Backwards Compatibility Concerns
+++++++++++++++++++++++++++++++++

- Each form class used to be set as an attribute on the Security object. With
the new form instantiation model, they no longer are.
- After a successful update/change of a two-factor method, the user was redirected to
:py:data:`SECURITY_POST_LOGIN_VIEW`. Now it redirects to :py:data:`SECURITY_TWO_FACTOR_POST_SETUP_VIEW`
which defaults to `".two_factor_setup"`.
- The :meth:`.Security.unauthz_handler` now takes a function name - not the function -
which never made sense.

5.0.2

-------------

Released September 23, 2022

Fixes
+++++
- (:issue:`673`) Role permissions backwards compatibility bug. For SQL based datastores
that use Flask-Security's models.fsqla_vx - there should be NO issues. If you declare
your own models - please see the 5.0.0 releases notes for required change.

5.0.1

-------------

Released September 6, 2022

Fixes
+++++
- (:pr:`662`) Fix Change Password regression. (tysonholub)

5.0.0

-------------

Released August 27, 2022

**PLEASE READ CHANGE NOTES CAREFULLY - THERE ARE LIKELY REQUIRED CHANGES YOU WILL HAVE TO MAKE.**

Features
++++++++
- (:issue:`475`) Support for WebAuthn.
- (:issue:`479`) Support Two-factor recovery codes.
- (:issue:`585`) Provide option to prevent user enumeration (i.e. Generic Responses).
- (:pr:`532`) Support for Python 3.10.
- (:pr:`657`, :pr:`655`) Support for Flask >= 2.2.
- (:pr:`540`) Improve Templates in support of JS required by WebAuthn.
- (:pr:`608`) Add Icelandic translations. (ofurkusi)
- (:pr:`650`) Update German translations. (sr-verde)
- (:issue:`256`) Add custom HTML attributes to improve user experience.
This changed LoginForm quite a bit - please see backwards compatability concerns
below.
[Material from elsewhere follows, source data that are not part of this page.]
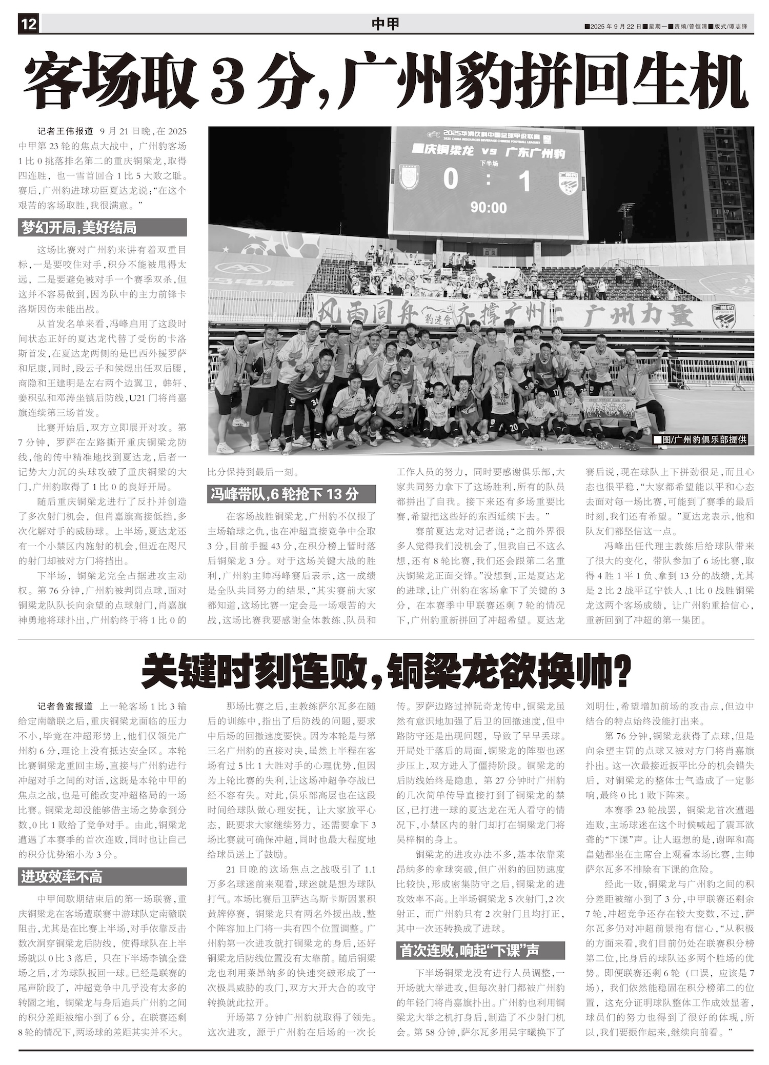 9月21日晚,在2025中甲第23轮的焦点大战中,广州豹客场1比0挑落排名第二的重庆铜梁龙,取得四连...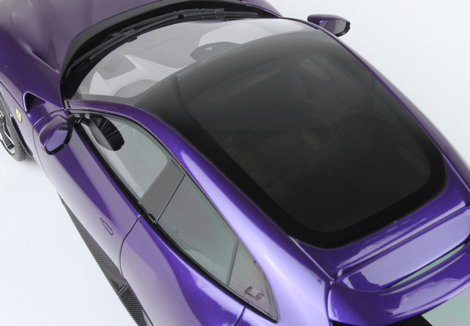 We present in 1/18th scale the version with panoramic roof and carbon pack.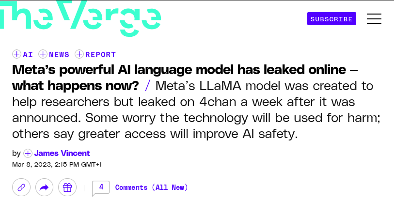 A look back at the now historic leak of the famous LLaMA open weight AI model. A number of risks are invoked that the technology could be used maliciously, with Meta defending its decision to open-source the model as necessary for advancing research, but the leak highlights the difficulty of balancing openness and responsible AI development.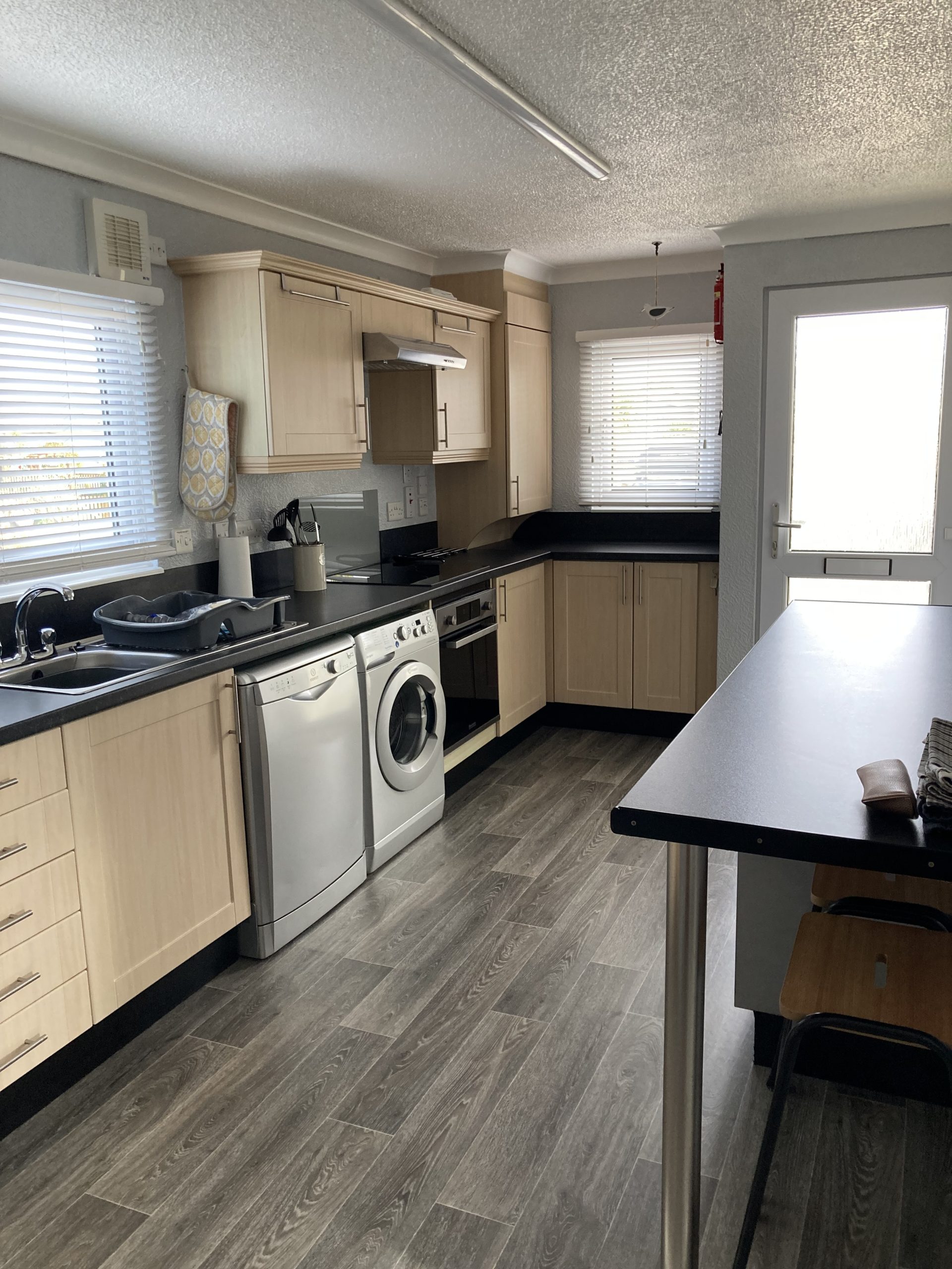 The Lodge offers a large kitchen with breakfast bar, large lounge/dining room with patio doors leading to the secure garden.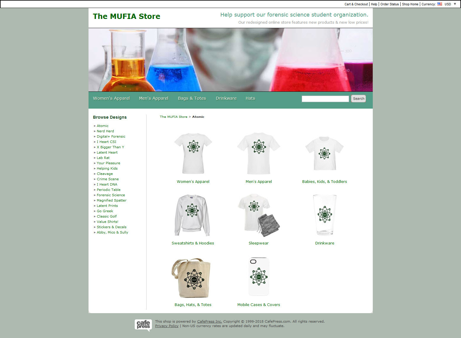 Using print-on-demand service CafePress, I setup an online store for the Marshall University Forensic Identification Association (MUFIA) student organization. I coded custom CSS, optimized graphics, and integrated Google Analytics. I also created custom designs for apparel and merchandise using Adobe Illustrator and Photoshop.
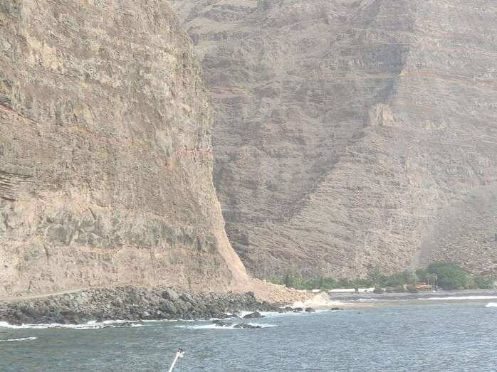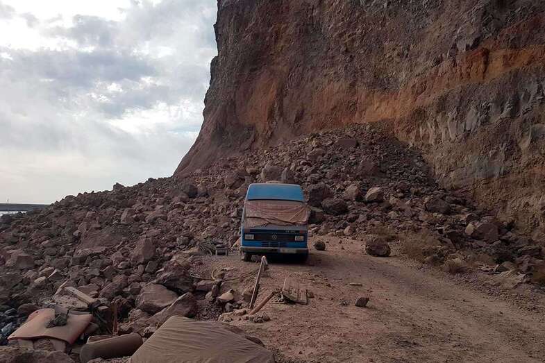 Telde.- Un impresionante derrumbe de tierra de grandes dimensiones se ha producido durante la tarde de este sábado en la pista adyacente a la playa de Argaga, en el término municipal de Vallehermoso y frente al puerto de Valle Gran Rey, en la isla de La Gomera. Se trata de una zona frecuentada por caravanas.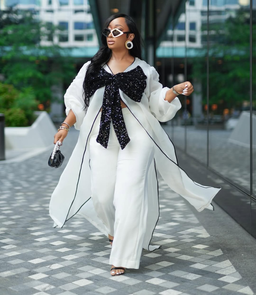 This is monochrome with a little drama—and honestly, it works beautifully. The flowing white layers paired with that oversized black sequin bow feel bold but still incredibly refined.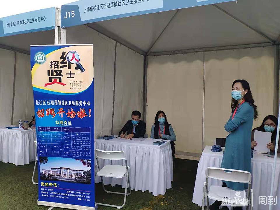 作为居民健康的“守门人”,基层医疗卫生机构人才缺口大。招聘会上,上海市卫生人才交流服务中心带领嘉定、青浦、松江、奉贤、南汇五个新城的社区卫生服务中心设摊招聘。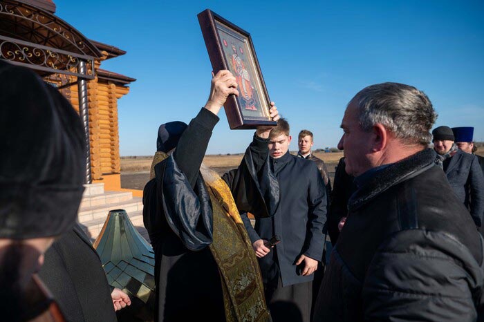 На чине освящения присутствовали: аким Владимирского сельского округа А.К. Жунусова; ктитор Никольского храма Г.Н. Убей-Волк; ответственные за возведение храма специалисты.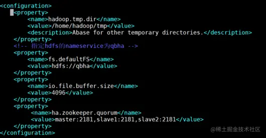 文件2: core-site.xml; 配置临时目录及zookeeper信息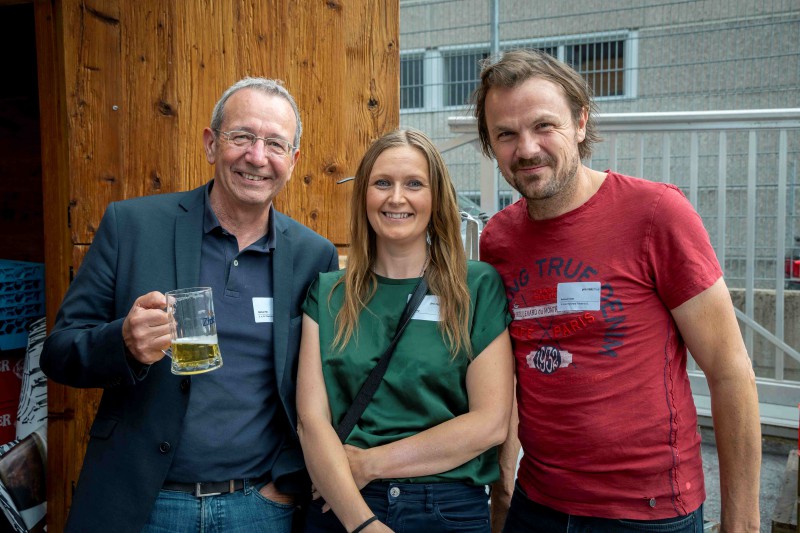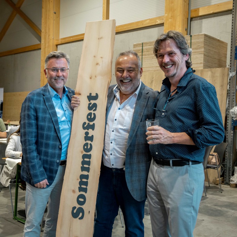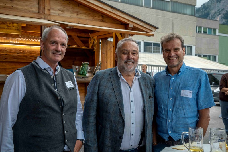 Bild 6: V. l.: Vorsitzende unter sich: Martin Lengauer-Stockner (Vorstandsvorsitzender htt15 – Holzbau Team Tirol), Manfred Saurer (Vorstandsvorsitzender proHolz Tirol) und Karl Schafferer (Ehrenvorsitzender von proHolz Tirol) genossen den lauen Sommerabend und fachsimpelten ausgiebig.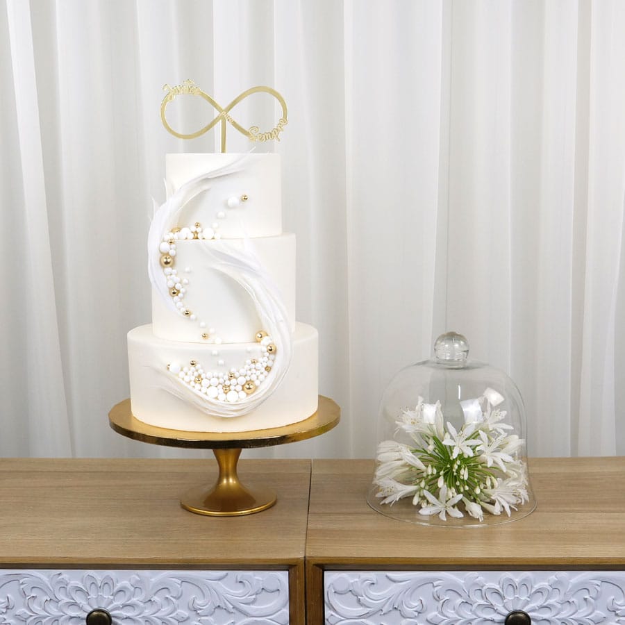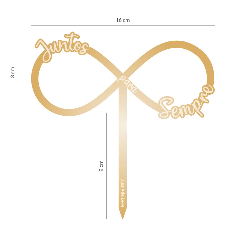Celebre o amor eterno com o topper “Juntos para Sempre”, acompanhado pelo delicado símbolo do infinito na sofisticada cor dourada. Um detalhe cheio de significado, perfeito para casamentos, bodas ou renovação de votos.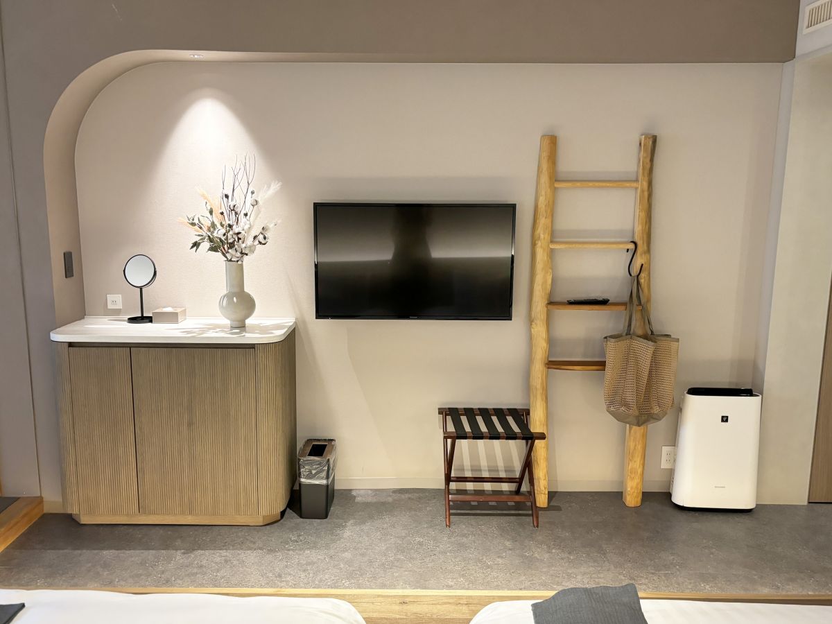 ベッドの向かいには、テレビや棚が置かれたスペースが。寝ながらテレビというなんともぜいたくな過ごし方ができちゃいます!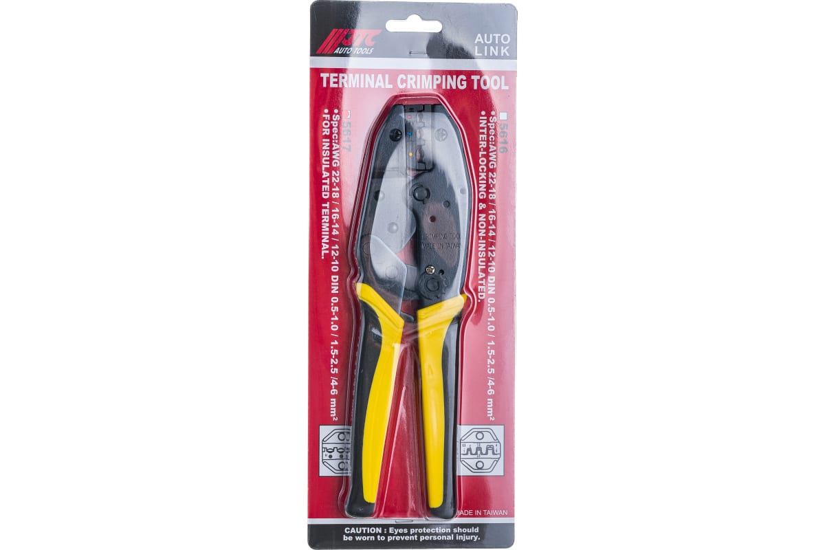 Преимущества клещей JTC JTC-5617- Сечение обжимаемых проводов по стандарту AWG: 22-18/16-14/12-10 мм;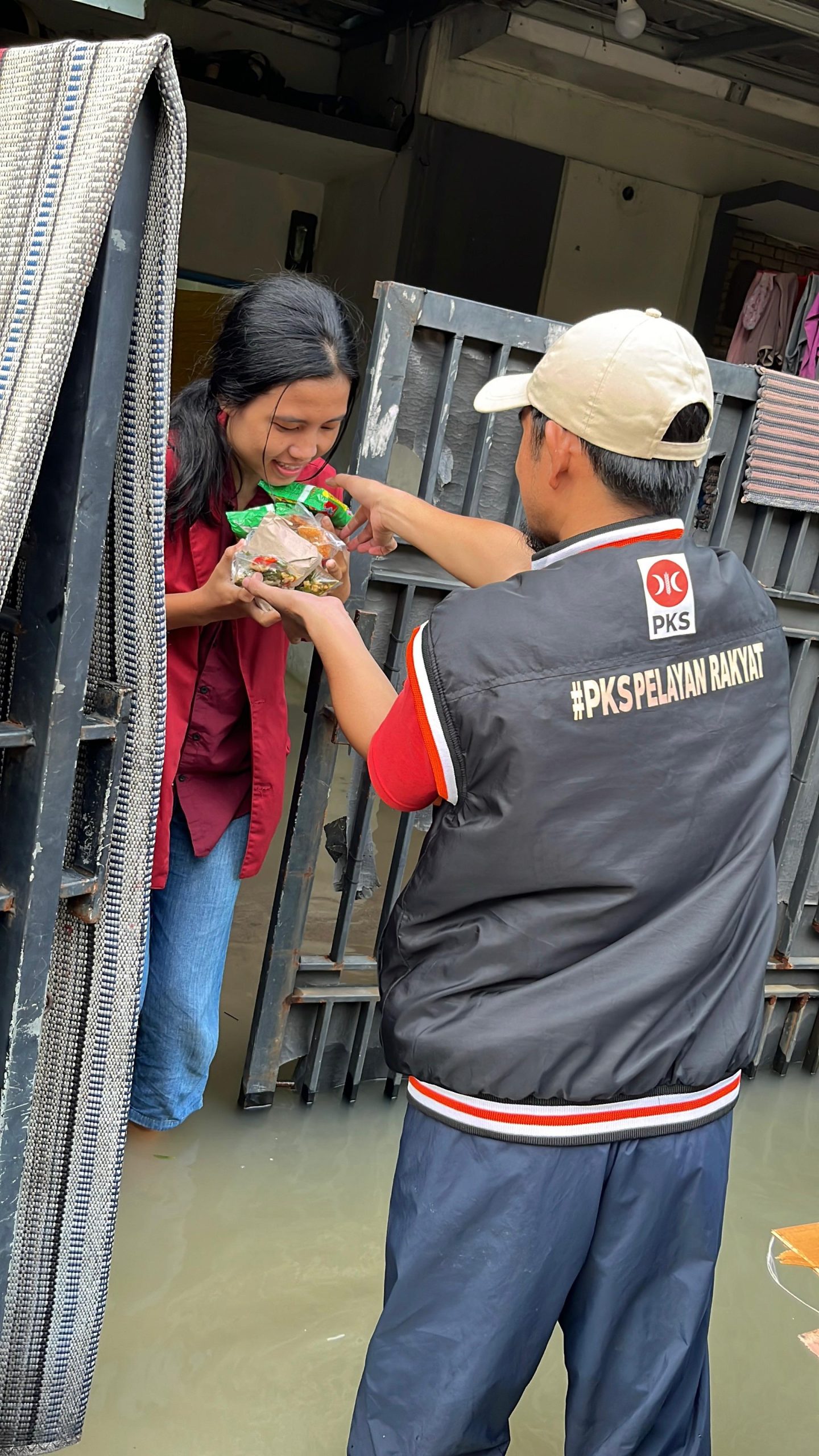 “Terima kasih untuk PKS, Alhamdulillah makanannya bisa sekalian untuk berbuka puasa. Kebetulan istri gak bisa masak, rumah kebanjiran.” Ucap Latif salah seorang penyintas banjir dengan haru.

The default LoginForm and template should be the same as before.
- (:pr:`638`) The JSON errors response has been unified. Please see backwards
compatibility concerns below.
- Updated all-inclusive data models (fsqla_v3). Add fields necessary for the new WebAuthn and
Two-Factor recovery codes features.
Changed `us_phone_number` to be unique (but not required). Changed `password` to be nullable.

Deprecations
++++++++++++
- (:pr:`568`) Deprecate the old passwordless feature in favor of Unified Signin.
- (:pr:`568`) Deprecate replacing login_manager so we can possibly vendor that in in the future.
- (:pr:`654`) The previously deprecated methods RoleMixin.add_permissions and
RoleMixin.remove_permissions have been removed.
- (:pr:`657`) The ability to pass in a json_encoder_cls as part of initialization has been removed
since Flask 2.2 has deprecated and replaced that functionality.
- (:pr:`655`) Flask has deprecated before_first_request. This was used mostly in examples/quickstart.
These have been changed to use app.app_context() prior to running the app. Flask-Security itself used it in
2 places - to populate `_` in jinja globals if Babel wasn't initialized and to perform
various configuration sanity checks w.r.t. WTF CSRF. All Flask-Security templates have been converted
to use `_fsdomain` rather than ``_`` so Flask-Security no longer sets ``_`` into jinja2 globals.
The configuration checks
have been moved to the end of Security::init_app() - so it is now imperative that `FlaskWTF::CSRFProtect()`
be called PRIOR to initializing Flask-Security.
- encrypt_password method has been removed. It has been deprecated since 2.0.2
- get_token_status has been deprecated.

Fixes
+++++
- (:pr:`591`) Make the required zxcvbn complexity score configurable. (mephi42)
- (:issue:`531`) Get rid of Flask-Mail. Flask-Mailman is now the default preferred email package.
Flask-Mail is still supported so there should be no backwards compatability issues.
- (:issue:`597`) A delete option has been added to us-setup (form and view).
- (:pr:`625`) Improve username support - the LoginForm now has a separate field for username if
``SECURITY_USERNAME_ENABLE`` is True, and properly displays input fields only if the associated
field is an identity attribute (as specified by :py:data:`SECURITY_USER_IDENTITY_ATTRIBUTES`).
- (:pr:`627`) Improve empty password handling. Prior, an unguessable password was set into the user
record when a user registered without a password - now, the DB user model has been changed to
allow nullable passwords. This provides a better user experience since Flask-Security now
knows if a user has an empty password or not. Since registering without a password is not
a mainstream feature, a new configuration variable :py:data:`SECURITY_PASSWORD_REQUIRED`
has been added (defaults to ``True``).
- (:issue:`479`) A new configuration option :py:data:`SECURITY_TWO_FACTOR_RESCUE_EMAIL` has been added
that allows disabling that feature - defaults to backwards compatible ``True``
- (:issue:`658`) us_phone_number needs to be validated to be unique.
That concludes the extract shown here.